**WORK ORDER**
Would you set down the data that follows, word for word, without any pictures?

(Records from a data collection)
**********
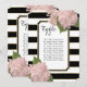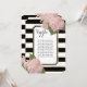 These Table Assignment seating cards can be used on each table or in the entry to your reception. They are an inexpensive way to add glitz and glam to your reception! These Table number cards can be framed, place on a holder or used in many ways to direct your guests to their table seating for your formal wedding reception, bridal shower or formal business event. Simply change the table number and guest list for each one and place it in your shopping cart. Shown here with seating for 10 per table, you can adjust the list to your needs and simply drag and centre the list when your'e done by using the "customise" feature. This design has a hand a painted floral design with blush pink hydrangea blossoms. These flowers grew in Audrey Jeanne's gardens and were picked fresh to paint from life. A bold black and white, wide striped background is paired with an art deco, notched corner style frame that is outlined in a faux gold glitter. Artwork and graphic design copyright, Audrey Jeanne Roberts, all rights reserved.
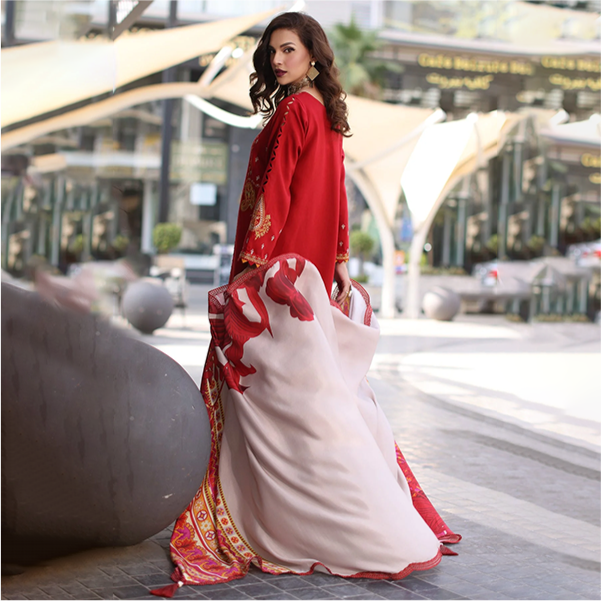 - Embroidery Printed Wool Shawl 2.50 Mtr
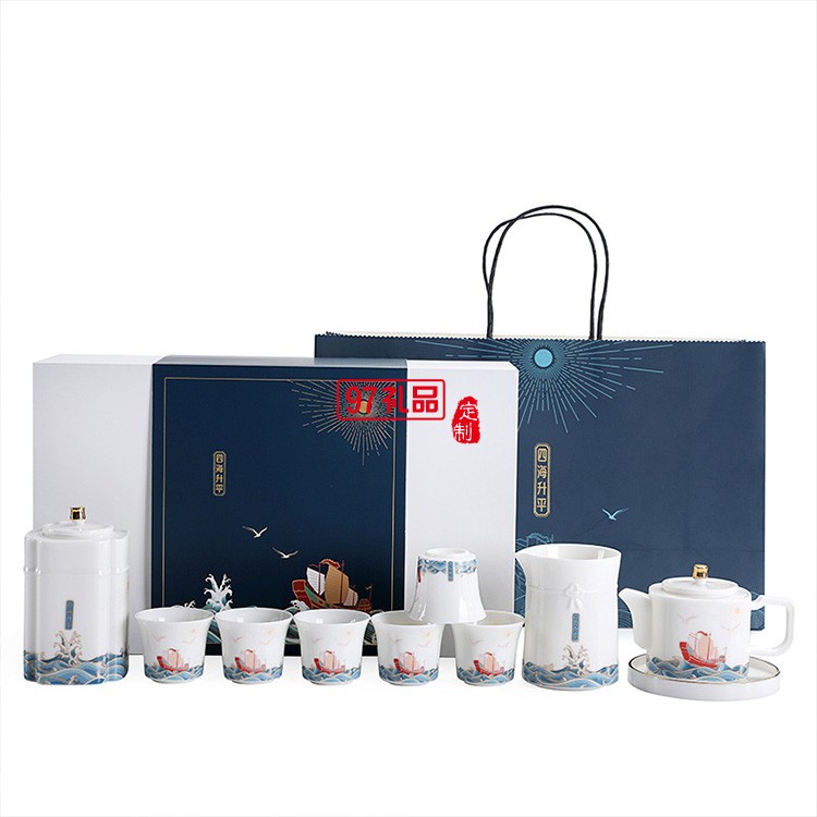 四海升平茶具套裝可印ogo商務(wù)禮盒開業(yè)伴手禮定制
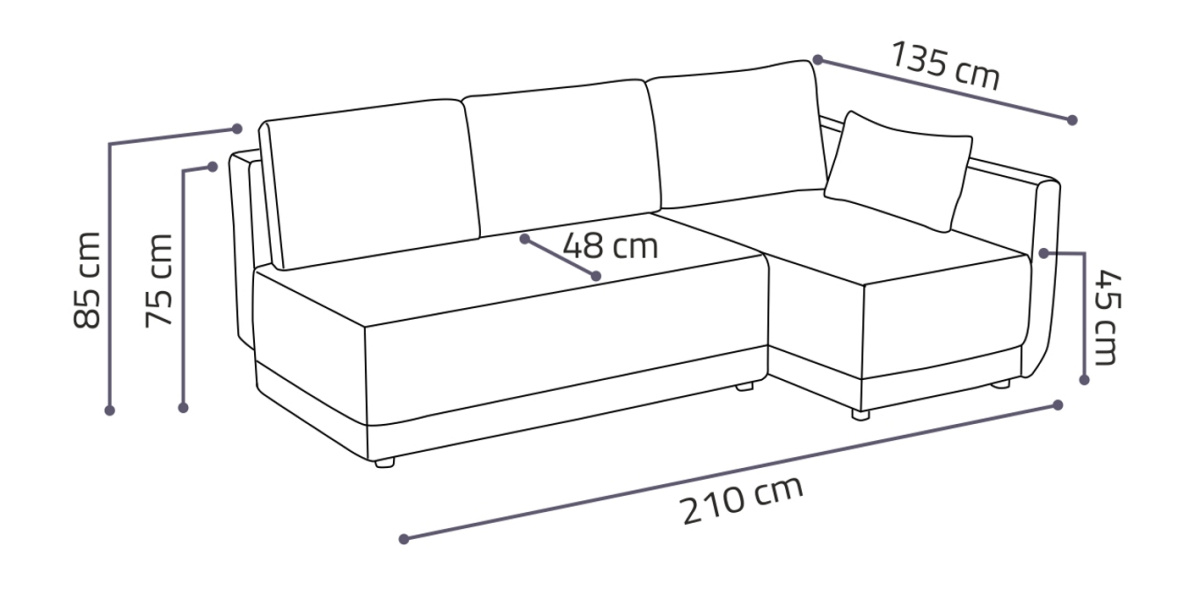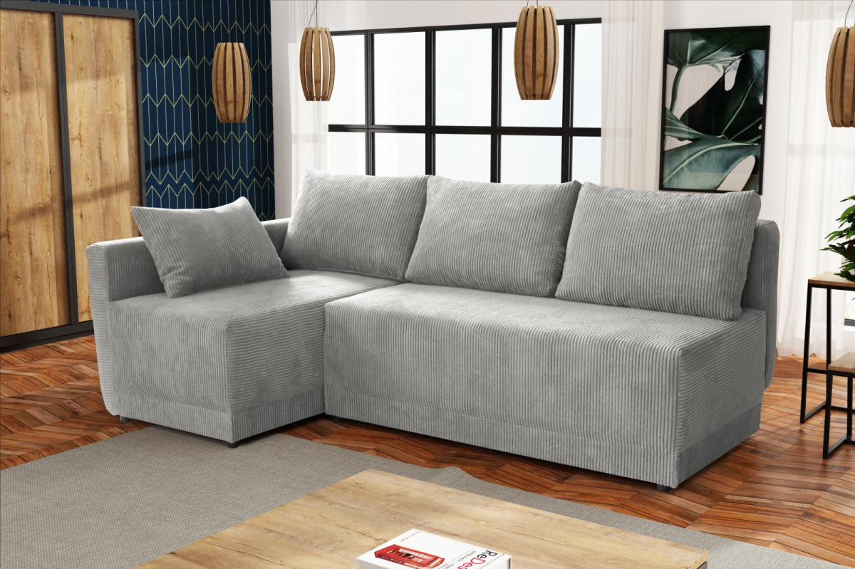 Moderní rohová sedací souprava Vás zaujme svým jednoduchým designem. Součástí jsou polštáře, které dělají sedací soupravu velice pohodlnou. Díky svým rozměrům je vhodná i do menších pokojů. Je praktická, rozklad lze použít k občasnému přespání, plocha lůžka je 198x133 cm. Uvnitř sedací soupravy je úložný prostor, který je možné využít k uložení lůžkovin. Výplň sedáku tvoří pružiny bonell v kombinaci s kvalitní PUR pěnou. Sedací soupravu nabízíme v několika barevných provedeních. Fotografie sedací soupravy v rozkladu jsou pouze ilustrační. Správný barevný odstín je na úvodní fotografii.
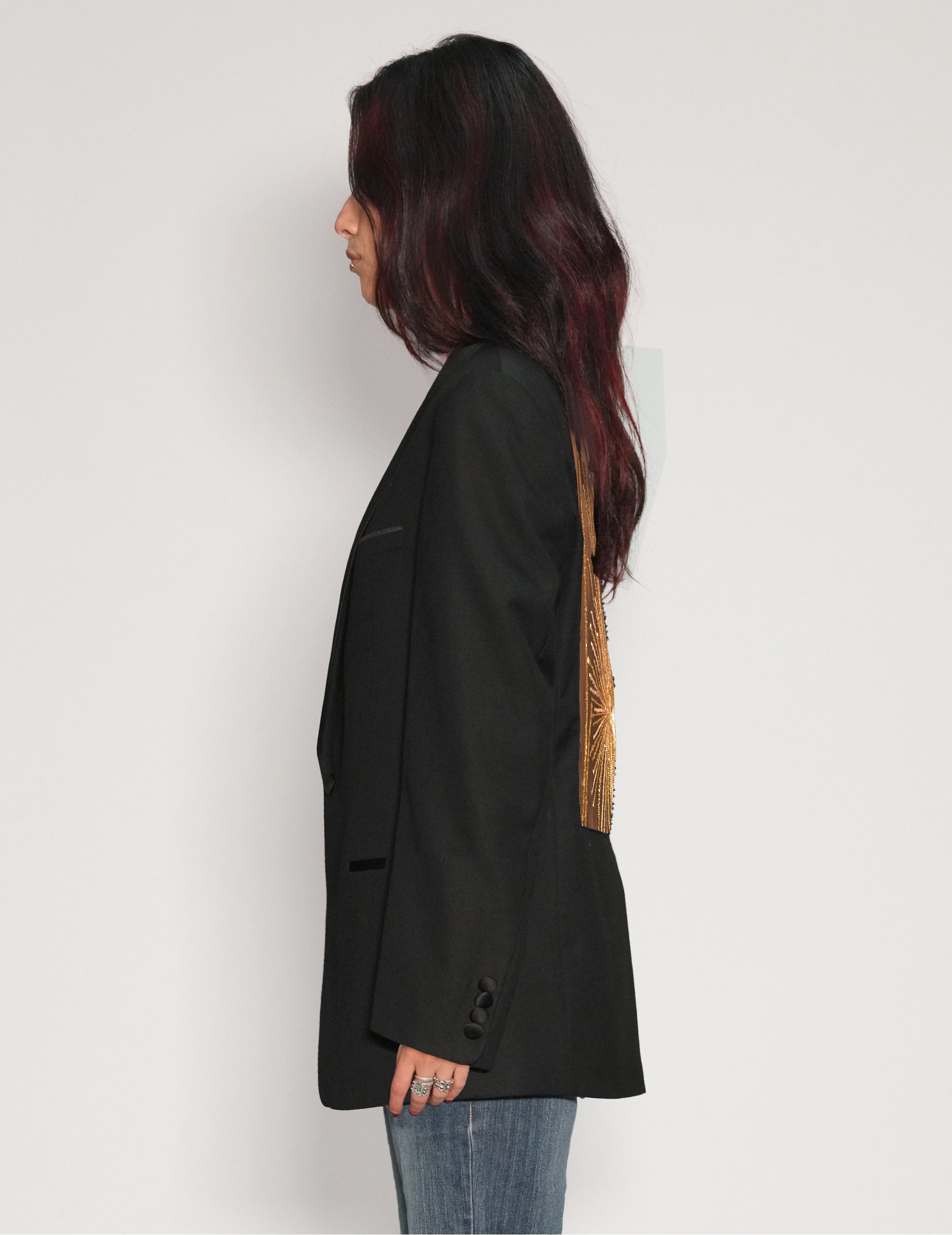 Vintage Tuxedo, customised with ST's iconic, sheer, gold sequin party back.
**********
**REPLY**
 These Table Assignment seating cards can be used on each table or in the entry to your reception. They are an inexpensive way to add glitz and glam to your reception! These Table number cards can be framed, place on a holder or used in many ways to direct your guests to their table seating for your formal wedding reception, bridal shower or formal business event. Simply change the table number and guest list for each one and place it in your shopping cart. Shown here with seating for 10 per table, you can adjust the list to your needs and simply drag and centre the list when your'e done by using the "customise" feature. This design has a hand a painted floral design with blush pink hydrangea blossoms. These flowers grew in Audrey Jeanne's gardens and were picked fresh to paint from life. A bold black and white, wide striped background is paired with an art deco, notched corner style frame that is outlined in a faux gold glitter. Artwork and graphic design copyright, Audrey Jeanne Roberts, all rights reserved.
 - Embroidery Printed Wool Shawl 2.50 Mtr
 四海升平茶具套裝可印ogo商務(wù)禮盒開業(yè)伴手禮定制
 Moderní rohová sedací souprava Vás zaujme svým jednoduchým designem. Součástí jsou polštáře, které dělají sedací soupravu velice pohodlnou. Díky svým rozměrům je vhodná i do menších pokojů. Je praktická, rozklad lze použít k občasnému přespání, plocha lůžka je 198x133 cm. Uvnitř sedací soupravy je úložný prostor, který je možné využít k uložení lůžkovin. Výplň sedáku tvoří pružiny bonell v kombinaci s kvalitní PUR pěnou. Sedací soupravu nabízíme v několika barevných provedeních. Fotografie sedací soupravy v rozkladu jsou pouze ilustrační. Správný barevný odstín je na úvodní fotografii.
 Vintage Tuxedo, customised with ST's iconic, sheer, gold sequin party back.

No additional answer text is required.